● **Instructions for the task**
Print the data below exactly, but only the lines from the one containing "(포탈뉴스통신) 인천광역시와 인천관광공사(사장" down to the one containing "30 mrt 26JillKapellen", inclusive.

● **Material for this exercise**
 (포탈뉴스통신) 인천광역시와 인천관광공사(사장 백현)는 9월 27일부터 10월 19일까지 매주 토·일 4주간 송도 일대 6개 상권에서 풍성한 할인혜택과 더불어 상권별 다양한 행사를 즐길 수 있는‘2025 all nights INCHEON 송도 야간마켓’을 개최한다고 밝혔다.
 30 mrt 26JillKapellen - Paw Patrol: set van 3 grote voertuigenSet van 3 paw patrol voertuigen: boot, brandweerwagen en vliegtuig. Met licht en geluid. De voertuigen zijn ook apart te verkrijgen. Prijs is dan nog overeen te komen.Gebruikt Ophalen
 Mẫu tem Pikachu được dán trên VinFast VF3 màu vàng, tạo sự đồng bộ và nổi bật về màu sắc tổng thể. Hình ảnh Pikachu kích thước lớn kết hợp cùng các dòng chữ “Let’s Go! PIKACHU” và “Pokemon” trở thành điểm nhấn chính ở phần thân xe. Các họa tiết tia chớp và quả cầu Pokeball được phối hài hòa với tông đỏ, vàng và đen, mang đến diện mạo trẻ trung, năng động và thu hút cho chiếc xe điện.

---

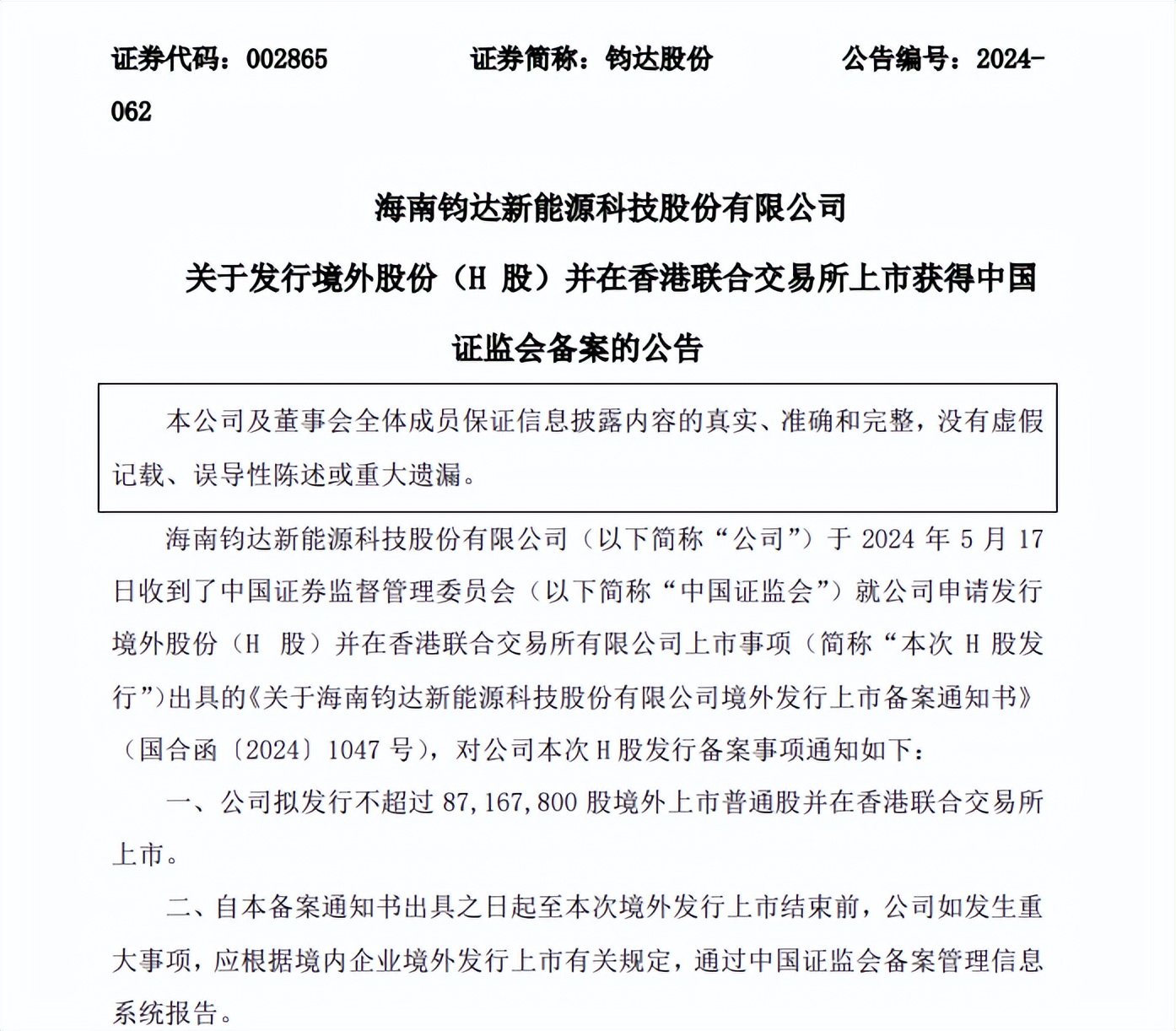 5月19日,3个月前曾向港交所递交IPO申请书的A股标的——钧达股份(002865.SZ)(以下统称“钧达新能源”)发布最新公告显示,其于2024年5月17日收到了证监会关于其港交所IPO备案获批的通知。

● **Answer to this problem**
 (포탈뉴스통신) 인천광역시와 인천관광공사(사장 백현)는 9월 27일부터 10월 19일까지 매주 토·일 4주간 송도 일대 6개 상권에서 풍성한 할인혜택과 더불어 상권별 다양한 행사를 즐길 수 있는‘2025 all nights INCHEON 송도 야간마켓’을 개최한다고 밝혔다.
 30 mrt 26JillKapellen - Paw Patrol: set van 3 grote voertuigenSet van 3 paw patrol voertuigen: boot, brandweerwagen en vliegtuig. Met licht en geluid. De voertuigen zijn ook apart te verkrijgen. Prijs is dan nog overeen te komen.Gebruikt Ophalen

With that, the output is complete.